I'm actually looking at getting the Concept X front bumper and side skirts with the racing GT rear and a flowmaster exhaust.


----------



## carid (Jul 20, 2011)

hificruzer226 said:


> Ha clearly car Id has never installed one


The kits made of fiberglass require a good amount of prep work, that's true. But the lip #4 is made of polyurethane that holds the shape a little better, so the installation is less complicated. 




Mötley Crüze said:


> I'm actually looking at getting the Concept X front bumper and side skirts with the racing GT rear and a flowmaster exhaust.


I must say that rear fascia is the best on the Concept X. If you decide to get all together - our guys will be able to get some good deal for you! If you want, just give me your email and shipping zip code (In the comments below or in PM) and I will provide you with a discounted quote!


----------



## hificruzer226 (Mar 27, 2013)

carid said:


> The kits made of fiberglass require a good amount of prep work, that's true.
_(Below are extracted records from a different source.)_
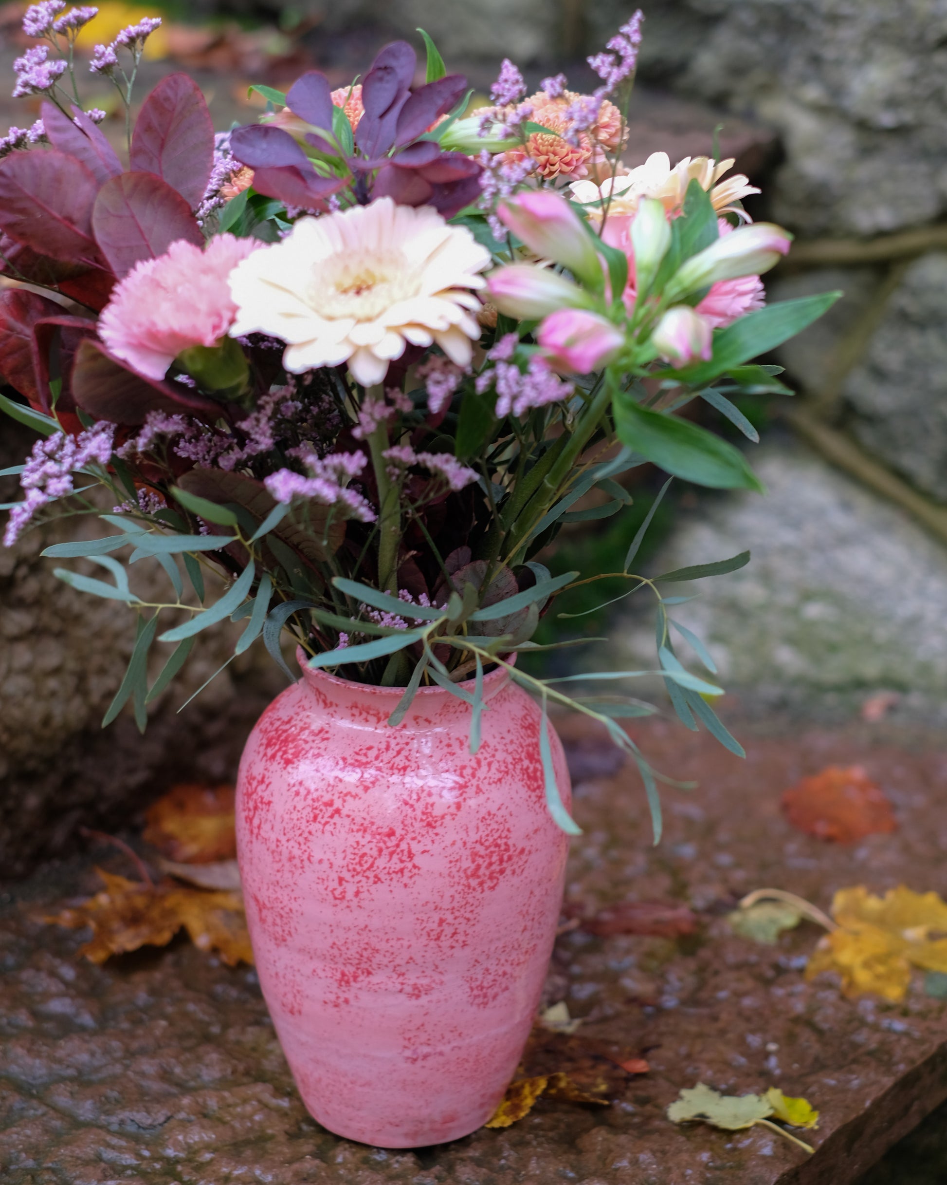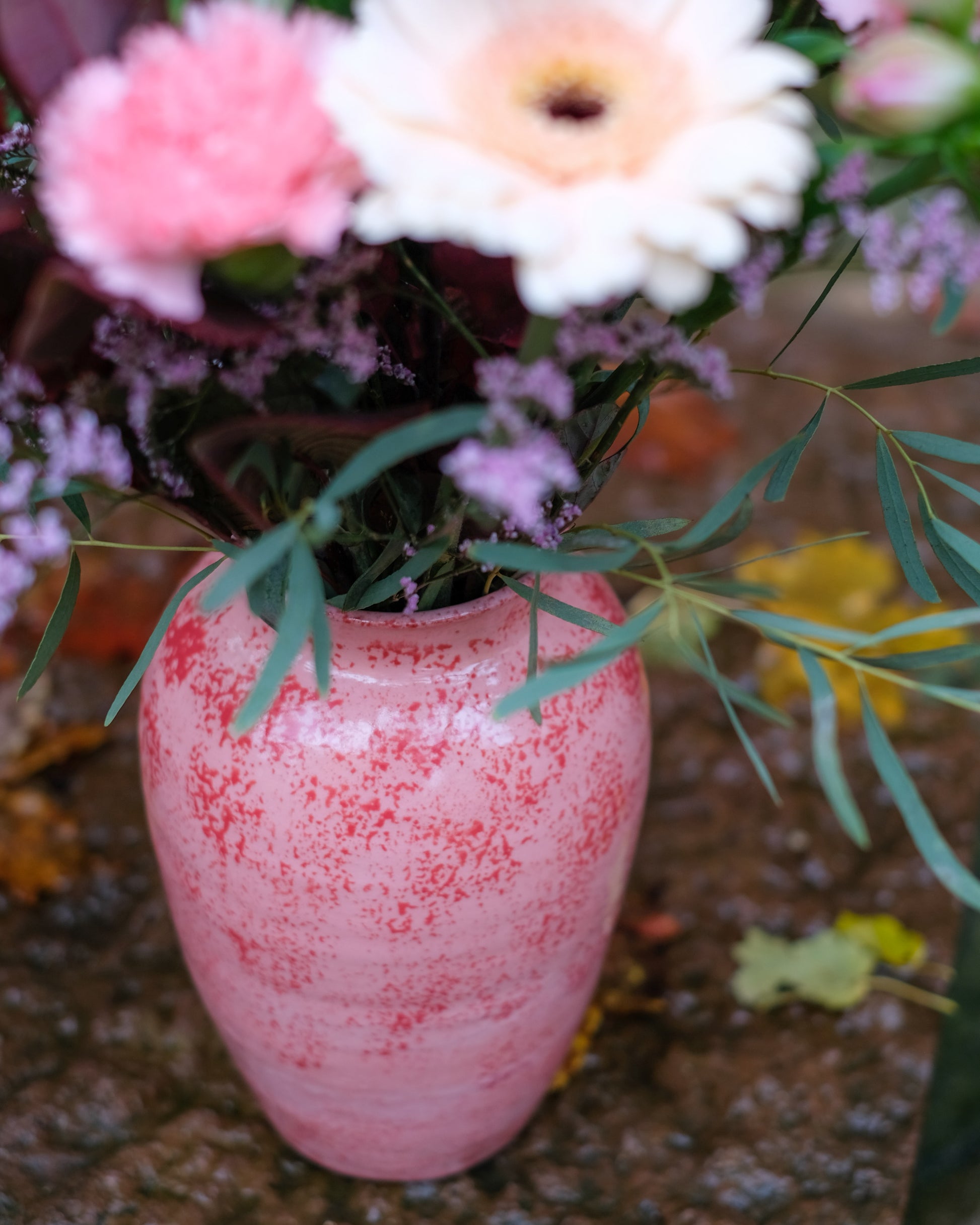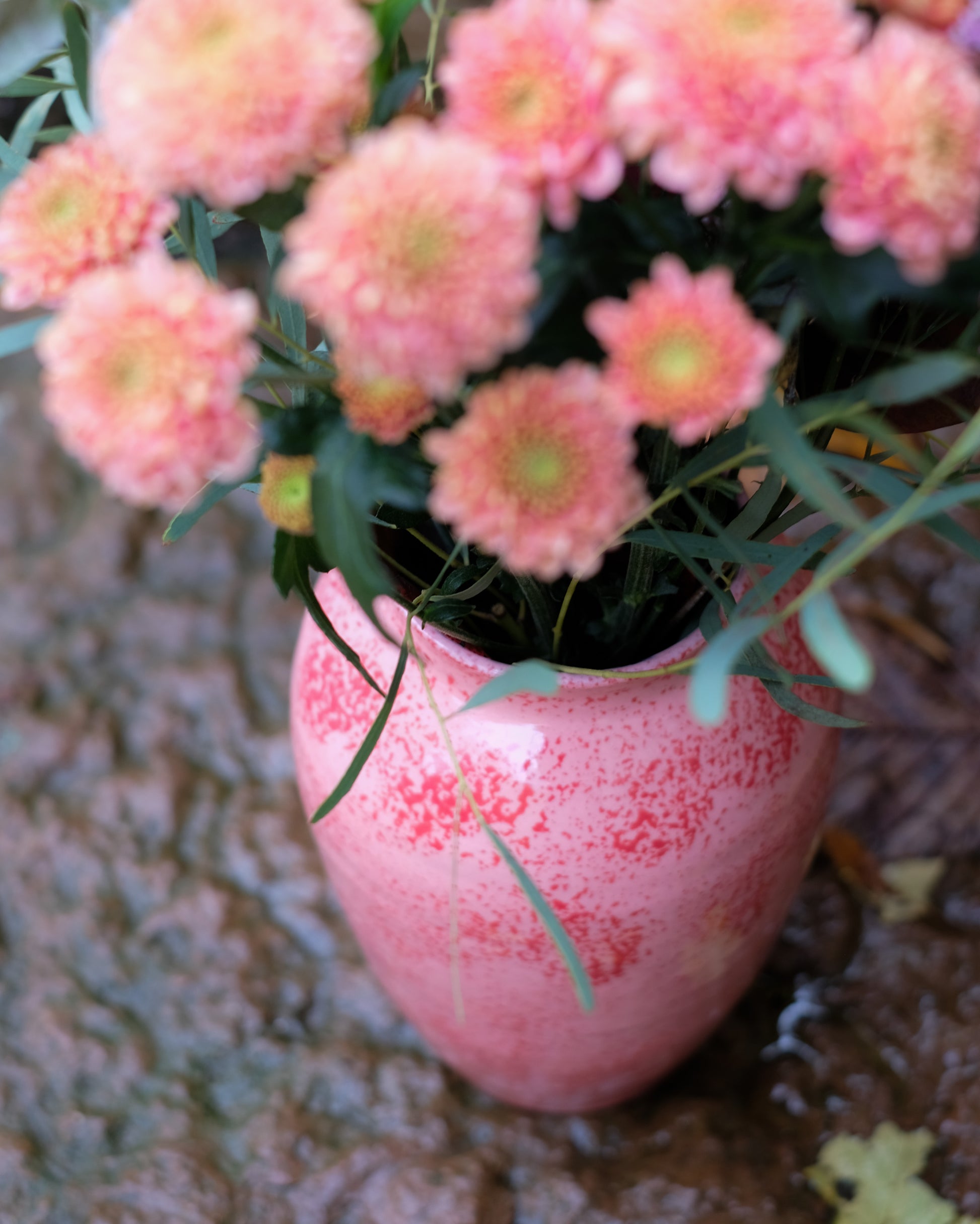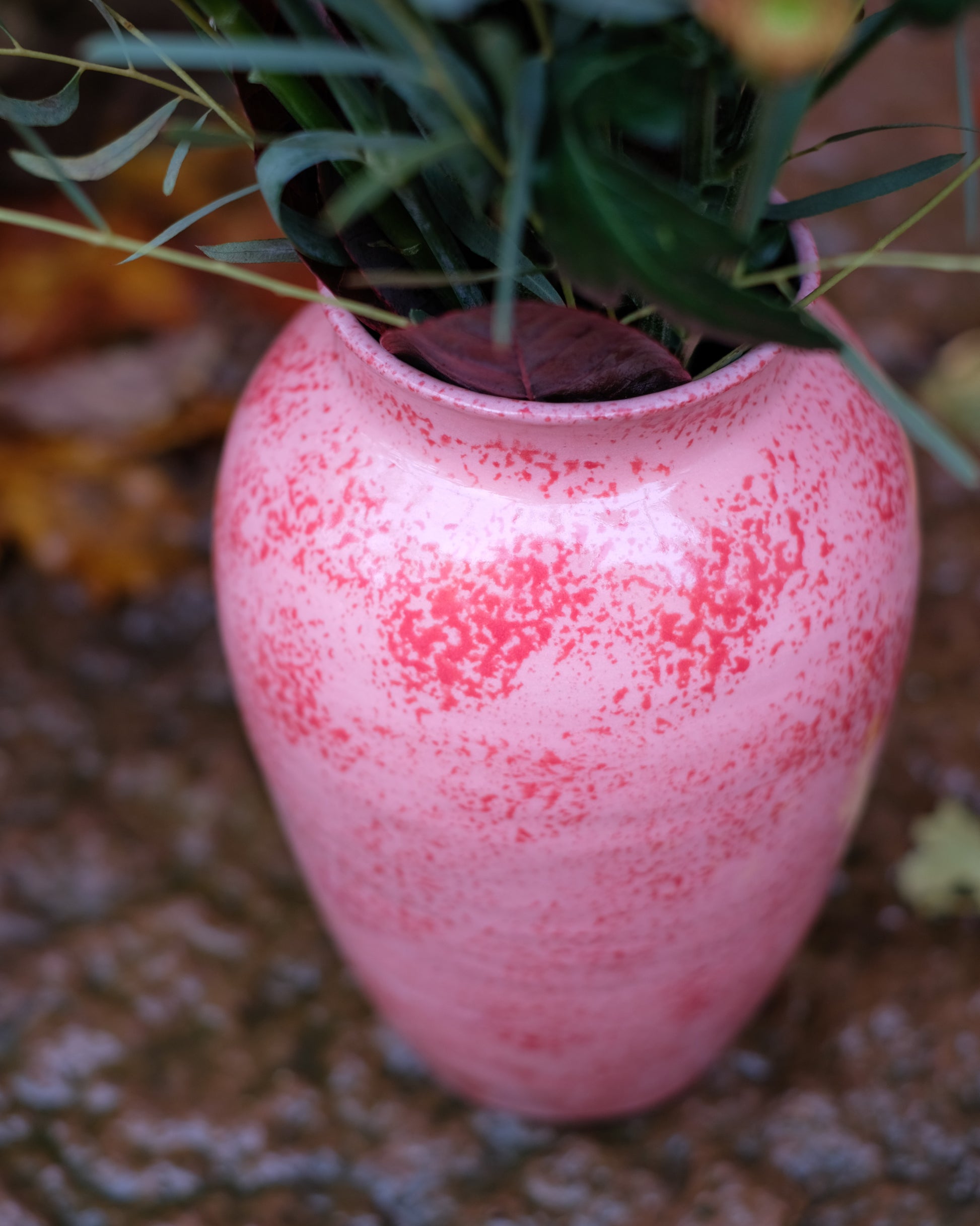 Drejad vas i ljus stengodslera. Engoberad med rosa engobe. Dekorerad med röd underglasyr och transparent glasyr. Höjd ca 20 cm.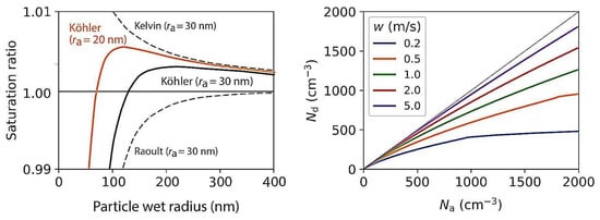 Köhler curve and the hydrometeor activation process. On the left: the rate of environmental saturation as a function of particle size is shown. On the right: the droplet number concentration (Nd) after activation as a function of the sulfate aerosol number concentration for different vertical wind speeds. Source: Reprinted with permission from Quaas e Gryspeerd (2022) []. © 2022 Elsevier B.V. All rights reserved.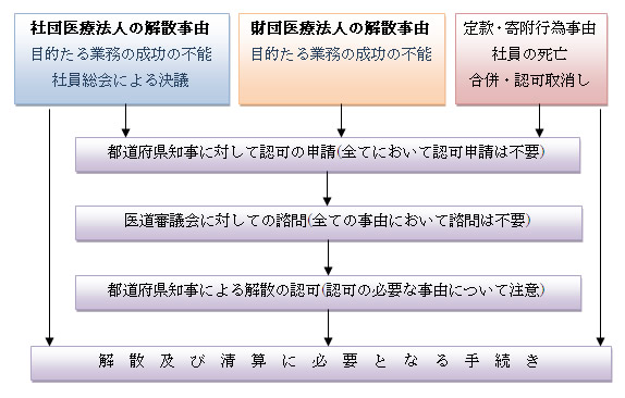 社団医療法人・財団医療法人の解散事由について都道府県知事の認可が必要な事由があります。医療法が定めた事由については、都道府県知事に対して認可の申請を行うことになります。大まかな流れは次のとおりです。
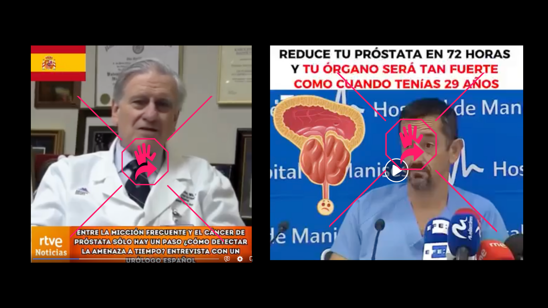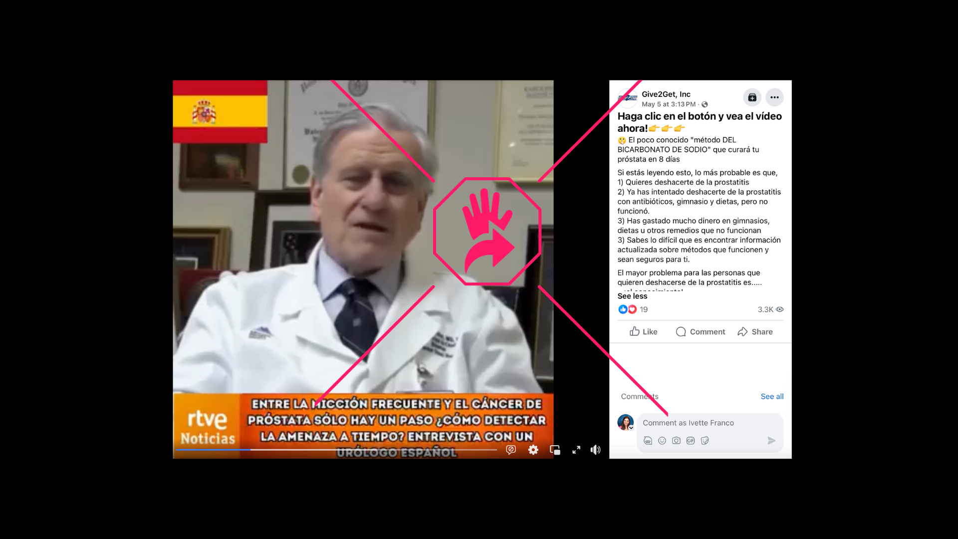 Otro post, con el mismo mensaje que promete curar la prostatitis en ocho días con bicarbonato de sodio, incluye un video en el que el médico español Valentín Fuster aparentemente asegura que “el medicamento que no quieren vender en nuestras farmacias elimina la verdadera causa de la infección", refiriéndose a la prostatitis. Pero tampoco el audio de ese clip coincide con el movimiento de los labios del cardiólogo. En la esquina superior izquierda se observa la bandera de España y en la inferior, el logo de RTVE (Radio Televisión Española).

But the lip #4 is made of polyurethane that holds the shape a little better, so the installation is less complicated.


 Wow an honest answer!
When you get a mold of a mold of a mold x3800 they are way off.


----------



## bostonboy (Apr 8, 2015)

what I would like to see is a rubbery bottom thingy for the front bottom lip for the RS cruze. Kind of what you see in nascar type vehicles. something that will bend/fold when getting into a hump of a gas station & go back into the original shape. I do see this crap stuff that is held on by 2 sided tape that would last 4-5 streets but that's it. 

Yes hard to understand what i'm trying to saying ^^^


----------



## hificruzer226 (Mar 27, 2013)

I know exactly what you are talking about


----------



## hificruzer226 (Mar 27, 2013)

?


----------



## bostonboy (Apr 8, 2015)

hificruzer226 said:


> ?


is that a RS front bumper? If yes what is that thingy under it & where did you get it? & is it soft not hard? 
Thanks & it looks good to


----------



## hificruzer226 (Mar 27, 2013)

Eco


----------



## bostonboy (Apr 8, 2015)

so is that a factory part?


----------